Aim of the exercise: In the records below, find the line with "Diese zierliche Mandoline", then retype it and every following line exactly, stopping after the line with "Small 1970s Judith". Leave the pictures out.

Data items
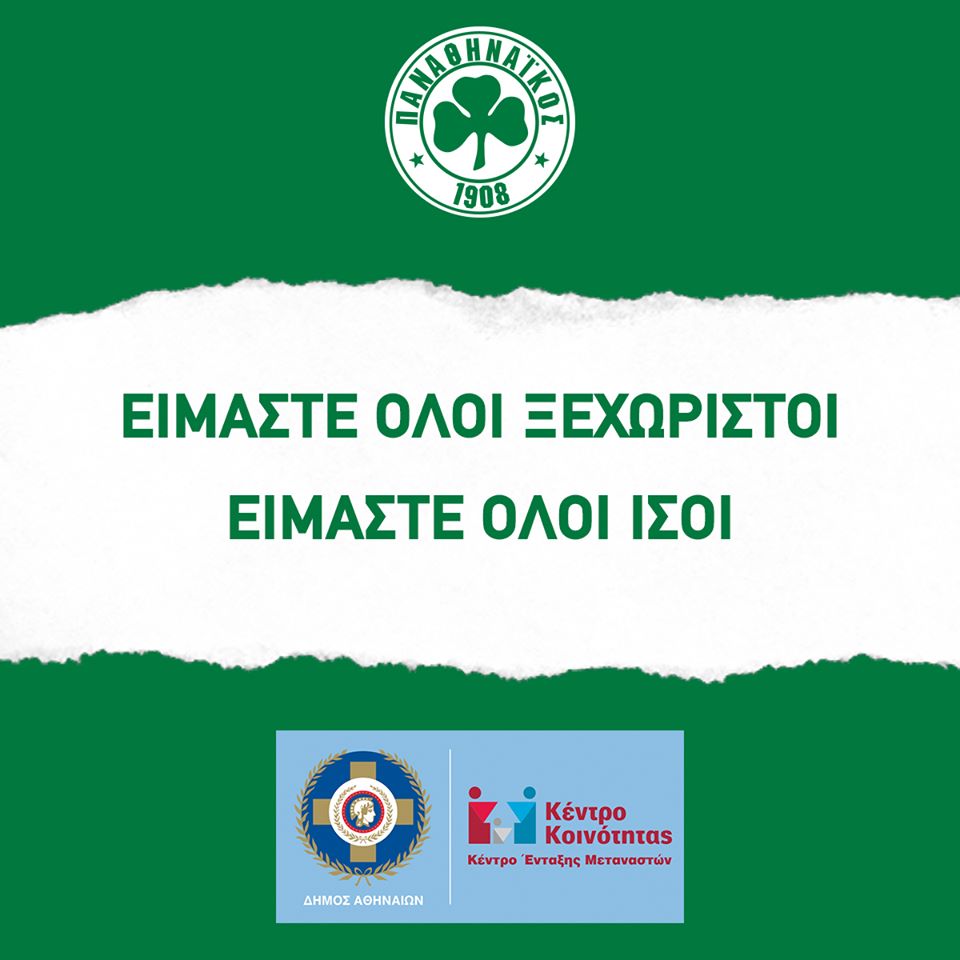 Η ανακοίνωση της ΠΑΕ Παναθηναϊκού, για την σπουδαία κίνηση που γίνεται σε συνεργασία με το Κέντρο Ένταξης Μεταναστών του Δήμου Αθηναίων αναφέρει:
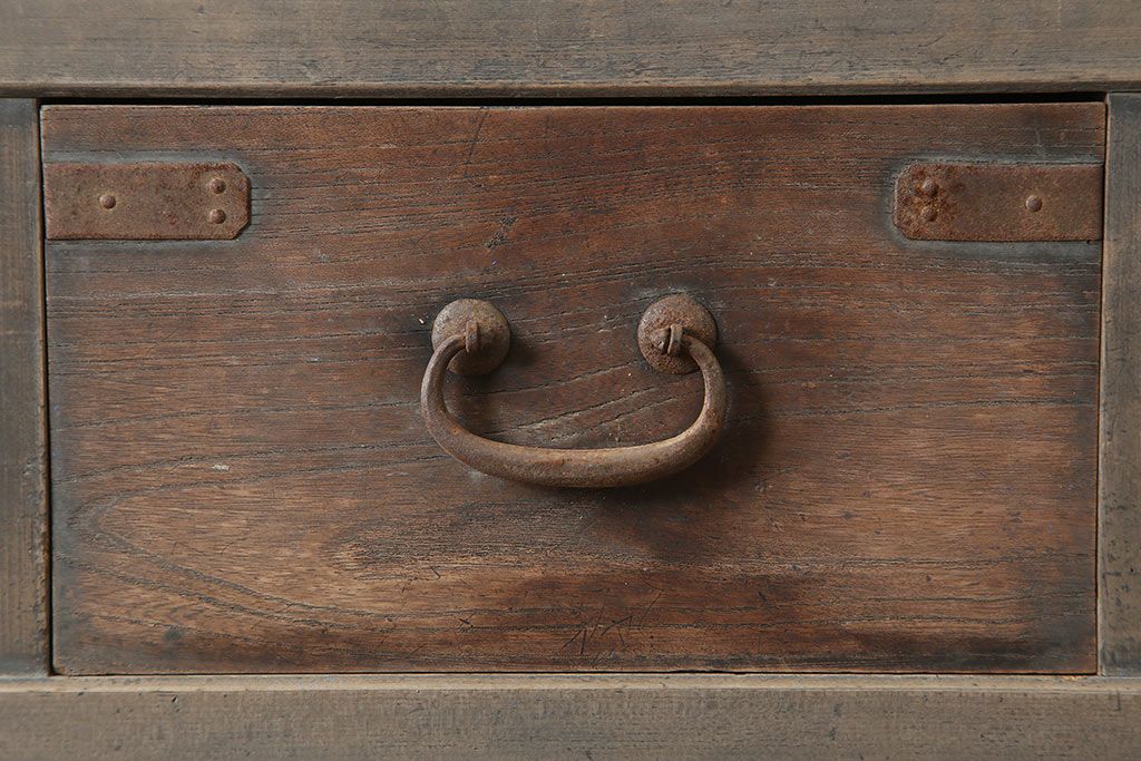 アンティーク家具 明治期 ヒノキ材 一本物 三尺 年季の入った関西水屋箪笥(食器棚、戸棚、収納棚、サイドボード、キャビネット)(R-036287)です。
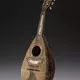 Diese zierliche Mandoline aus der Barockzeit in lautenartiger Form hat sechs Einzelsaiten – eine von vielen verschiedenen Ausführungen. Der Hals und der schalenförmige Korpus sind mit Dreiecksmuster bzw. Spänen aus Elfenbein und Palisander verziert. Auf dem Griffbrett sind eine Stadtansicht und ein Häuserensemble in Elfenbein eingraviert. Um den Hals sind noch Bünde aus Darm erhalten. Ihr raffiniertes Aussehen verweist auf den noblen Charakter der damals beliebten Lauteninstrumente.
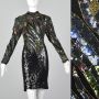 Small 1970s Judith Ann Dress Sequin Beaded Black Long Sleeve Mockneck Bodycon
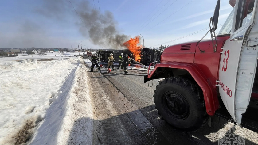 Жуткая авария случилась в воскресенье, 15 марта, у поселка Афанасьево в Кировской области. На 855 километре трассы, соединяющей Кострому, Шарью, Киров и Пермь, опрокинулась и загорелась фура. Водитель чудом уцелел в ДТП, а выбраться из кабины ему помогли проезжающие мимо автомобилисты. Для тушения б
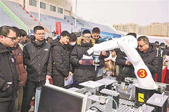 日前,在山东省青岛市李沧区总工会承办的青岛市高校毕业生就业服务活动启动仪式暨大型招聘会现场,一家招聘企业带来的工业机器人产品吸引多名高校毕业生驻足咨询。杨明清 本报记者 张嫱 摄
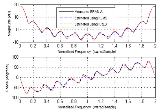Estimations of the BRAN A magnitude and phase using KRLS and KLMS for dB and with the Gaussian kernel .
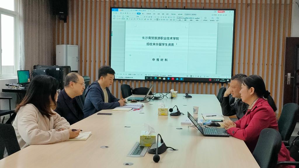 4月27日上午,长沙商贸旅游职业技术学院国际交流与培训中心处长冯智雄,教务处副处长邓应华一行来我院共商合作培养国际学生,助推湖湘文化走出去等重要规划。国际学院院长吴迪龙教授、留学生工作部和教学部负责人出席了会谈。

Task response:
 Diese zierliche Mandoline aus der Barockzeit in lautenartiger Form hat sechs Einzelsaiten – eine von vielen verschiedenen Ausführungen. Der Hals und der schalenförmige Korpus sind mit Dreiecksmuster bzw. Spänen aus Elfenbein und Palisander verziert. Auf dem Griffbrett sind eine Stadtansicht und ein Häuserensemble in Elfenbein eingraviert. Um den Hals sind noch Bünde aus Darm erhalten. Ihr raffiniertes Aussehen verweist auf den noblen Charakter der damals beliebten Lauteninstrumente.
 Small 1970s Judith Ann Dress Sequin Beaded Black Long Sleeve Mockneck Bodycon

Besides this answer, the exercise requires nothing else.